Institute of Certified Bookkeepers

The Principles and the Law

(some relevant extracts)

When a grantee makes a taxable sale

https://www.ato.gov.au/Business/Government-entities/In-detail/GST-and-grants

A grantee will be required to remit 1/11th of a grant of financial assistance and funding payment it receives to the ATO as GST, where the grantee makes a taxable sale.

The GST treatment of grants depends primarily on whether the grant represents consideration that has the relevant connection with a taxable sale. This will depend on the particular facts and circumstances of each grant program.

Generally, a grant is not a consideration that has a relevant connection with a taxable sale, unless something of value is provided by the grantee in return for the payment. Providing something of value for the payment includes entering into a legally binding obligation to do something or refrain from doing something in order to receive the payment.

Example 1 extract

The payment is made to provide financial support to ease the pressures faced by small business impacted by COVID-19. Franco does not enter into any legally binding obligations in return for the provision of the payment. The fitness centre only needs to meet eligibility requirements as stipulated in the funding application. The payment is not for any supply provided by Franco to the state government.

Franco does not have to pay GST on the cash payment received.

Whether a Financial Assistance Payment is consideration for a Supply

https://www.ato.gov.au/law/view/document?docid=GST/GSTR20122/NAT/ATO/00001

In this Ruling the term 'financial assistance payment' is intended to encompass a wide range of payments. This includes payments:

  • made to provide support or aid to the payee; and/or
  • provided to support or aid in the implementation of government policy and initiatives.

No supply

55. There will be some arrangements that do not involve the making of any supply whatsoever. If no supply has been made a key element of the definition of taxable supply is not met.

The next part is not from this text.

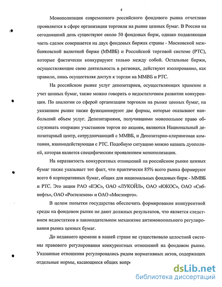 Одной из многих причин, порождающих указанные проблемы российского рынка ценных бумаг, является недостаточное развитие конкурентных отношений на фондовом рынке. Отсутствие комплексных мер по поддержке конкуренции, в том числе правового характера, ведет к монополизации фондового рынка, что снижает эффективность его функционирования, и, как следствие, эффективность экономической системы в целом.
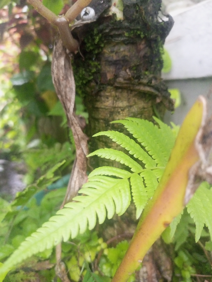 This image presents a detailed close-up of lush vegetation in Zee Pin Kone, Myanmar. A prominent, vibrant green fern frond with finely serrated pinnate leaflets dominates the lower-center and left portions of the frame. Behind it, a vertical tree trunk with textured bark, heavily encrusted with dark green moss and some lighter patches, is visible. Near the top of the mossy trunk, a small, white, irregularly shaped object or fragment is present. To the left of the tree trunk, a dried, elongated, brown leaf or stem hangs vertically. The right foreground is partially obscured by a blurred, out-of-focus yellowish-brown stem or leaf. The background consists of various diffused green plant elements, suggesting a dense, natural, and humid environment. No human subjects, animals, or discernible actions are depicted.

56. In particular, there is no supply where the agreement between the parties is not binding and creates expectations alone. However, the payee may still make a supply in the absence of enforceable obligations. Where there is an agreement that does not bind the parties in some way there may still be a supply where there is something else, such as goods or some other benefit, passing between the parties.

Other Extracts

15. For a financial assistance payment to be consideration for a supply there must be a sufficient nexus between the financial assistance payment made by the payer and a supply made by the payee. A financial assistance payment is consideration for a supply if the payment is 'in connection with', 'in response to' or 'for the inducement of' a supply. The test is an objective one.

15A. Further, in identifying the character of the connection, the word 'for' ensures that not every connection between supply and consideration meets the requirements for a taxable supply. That is, merely having any form of connection of any character between a supply and payment of consideration is insufficient to constitute a taxable supply

18. In some arrangements the payer obtains a material benefit in return for the financial assistance payment. This may occur where the payer is provided with the right to commercially exploit the results of the payee's work in return for the financial assistance payment. In this circumstance, the payment has a sufficient nexus with the supply of the right because the payment is made in connection with, in response to or for the inducement of the supply of the right.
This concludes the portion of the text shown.